Unit 5 Notes: 1844-1877 Road to the Civil War
Manifest Destiny and Westward Expansion
- Belief in the right to expand across North America due to:
- Access to natural resources.
- Economic opportunities.
- Belief in American institutional superiority.
- Facilitated by:
- Preemption Acts: Cheap land for homesteaders.
- California Gold Rush of 1848: Led to westward migration.
- Southern need for arable land.
Mexican-American War (1846-1848)
- Caused by the annexation of Texas.
- Texas annexation led to conflict over border dispute.
- Treaty of Guadalupe Hidalgo (1848):
- Led to the Mexican Cession.
- Territories include New Mexico, Arizona, and California ceded to the U.S.
- Wilmot Proviso:
- Proposed banning slavery in acquired territories.
- Created congressional tension over slavery's expansion.
Compromise of 1850
- Three positions on slavery in new territories:
- Southern: Slavery as a constitutional right, extend Missouri Compromise line.
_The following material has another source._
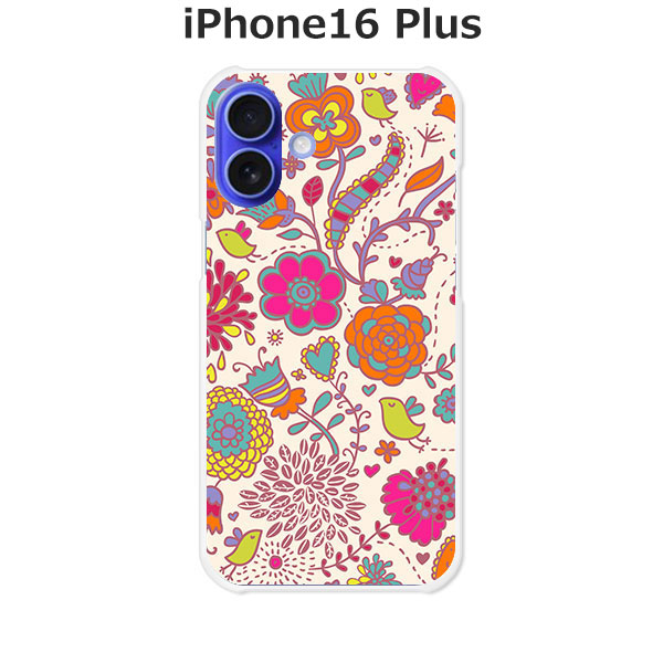 iPhone16 Plus アイフォン16プラス ケース ハードケース 花×小鳥 PCクリア スマホケース ハードカバー

- Free Soil: All new territories should be free.
- Popular Sovereignty (Stephen Douglas): Territorial populations decide on slavery.
- Provisions of the Compromise:
- Popular sovereignty in Mexican Cession territories.
- California admitted as a free state.
- Slave trade outlawed in Washington D.C.
- Stricter Fugitive Slave Law enacted.
Immigration and Nativism
- Wave of immigrants (Irish and German) led to ethnic enclaves.
- Nativist opposition to immigrants:
- Anti-Catholic sentiment.
- Know-Nothing Party aimed to limit immigrant influence.
Tensions Over Slavery
- Conflicting regional labor ideologies:
- North: Manufacturing, paid labor.
- South: Agriculture, coerced labor.
- Northern opposition to slavery expansion:
- Many feared expansion of slavery would threaten wage labor.
- Abolitionist movement:
- Underground Railroad.
- Publication of Uncle Tom’s Cabin.
- Southern defense of slavery:
- Argued Constitution protected slavery.
- Tenth Amendment reserves powers to states.
Failed Attempts at Compromise
- Kansas-Nebraska Act of 1854:
- Popular sovereignty to decide slavery.
- Overturned the Missouri Compromise.
- Led to "Bleeding Kansas".
- Dred Scott Decision (1857):
- Effectively legalized slavery in all states.
- John Brown's raid on Harper's Ferry: Aimed to incite slave rebellion.
- Sectional divisions in political parties:
- Southern Democrats: Protected slavery.
- Northern Republicans: Contained slavery.
Election of 1860 and Secession
- Abraham Lincoln's election without Southern electoral votes led to secession.
- South Carolina was the first state to secede.
- Reasons for secession:
- Preservation of slavery.
- Protection of states' rights.
Civil War
- North vs. South mobilization.
- North's advantages:
- Larger population.
- More industry and banks.
- More Railroads.
- Lincoln's Leadership:
- Emancipation Proclamation changed the scope of the war.
- Gettysburg Address.
- Southern infrastructure destruction: Sherman’s March.
Reconstruction Era
- Constitutional Amendments:
- Thirteenth Amendment: Abolished slavery.
- Fourteenth Amendment: Applied Bill of Rights to states.
- Fifteenth Amendment: Voting rights to black men.
- Southern occupation by federal soldiers.
- Debates on how to treat returning Southerners.
- Radical Republicans wanted to punish South.
Failure of Reconstruction
- Northern weariness of forcing Southern submission.
- Southern insistence on pre-Civil War society.
- Sharecropping replaced slavery.
- White supremacy: Ku Klux Klan.
- Black Codes limited black citizens' rights.
- Plessy v. Ferguson allowed segregation.
- Compromise of 1877: Federal troops removed from South, ending Reconstruction.